It is becoming increasingly clear that the issue of global labour movement and integration is a key topic at the interface
of trade, development and globalization. In 2005 the global labour force numbered 2.8 billion, of which 2.25 billion was
developing country labour force.
This paper attempts to provide a comprehensive picture of the impact on trade, development and poverty reduction brought about by global labour movement and integration. It attempts to answer the question as to how temporary labour mobility can be better managed so as to contribute to improving people´s livelihood and welfare prospects while at the same time moving closer to the achievement of internationally agreed development goals, in particular the United Nations Millennium Development Goals.
The paper looks at temporary labour mobility and skills trade as it relates to trade and development from the perspectives of
both sending and receiving countries.

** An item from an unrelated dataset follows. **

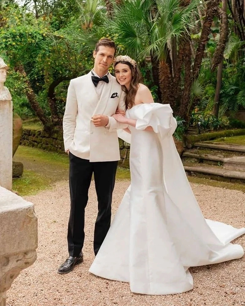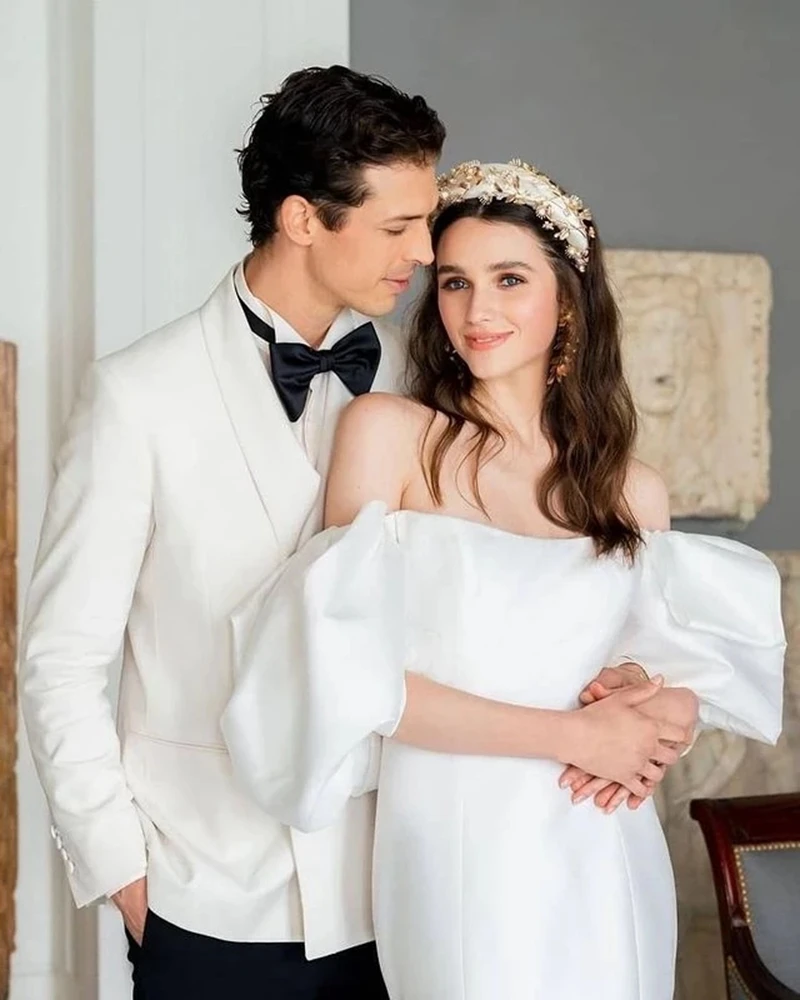 Свадебное платье с открытыми плечами и кружевной аппликацией, темно...
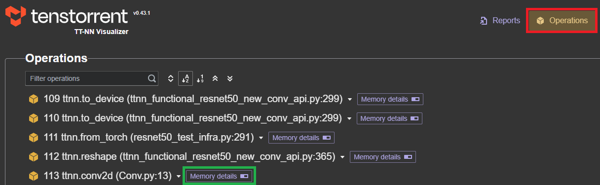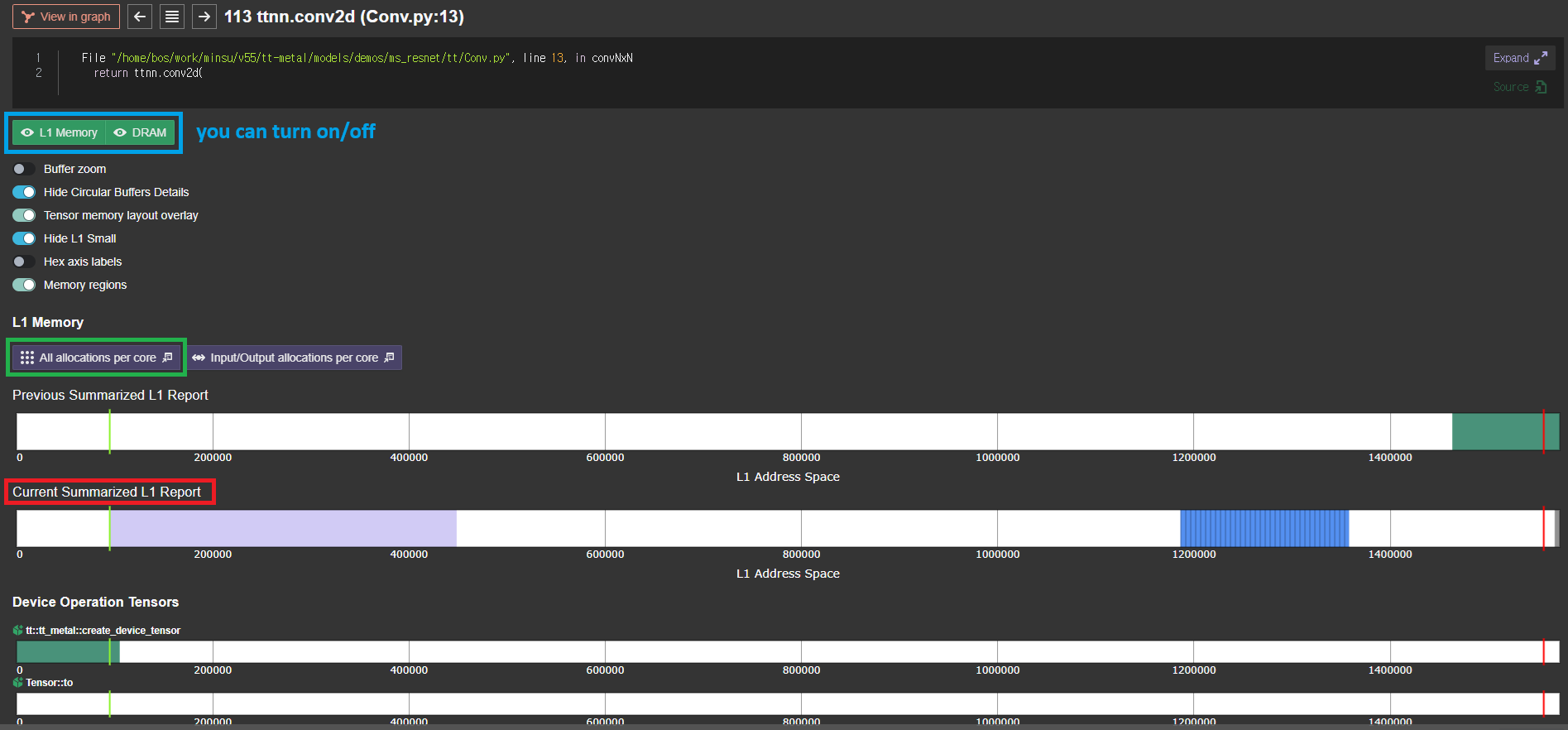 In the menu at the top, you can observe the memory area through [Operations, Tensors, Buffers, Graphs], and you can usually check the L1 area for each operation by pressing [Memory details] after each Op in the [Operations] menu.

It sets out the problem of labour mobility, the state of play in the global labour
market, push-pull factors that cause labour mobility and succinctly, the seven inconsistencies of the labour movement
conundrum. A detailed examination of the socio-economic costs and benefits to sending and receiving countries provides
a balanced overview of the picture.
From the trade perspective the paper argues that progress in allowing temporary movement of labour by means of multilateral and regional or bilateral agreements is important to further good global governance, coherence and solidarity necessary for achieving Millennium Development Goals.
The paper concludes with several mutually beneficial policy recommendations which would ensure the sustained positive effects of migration on development.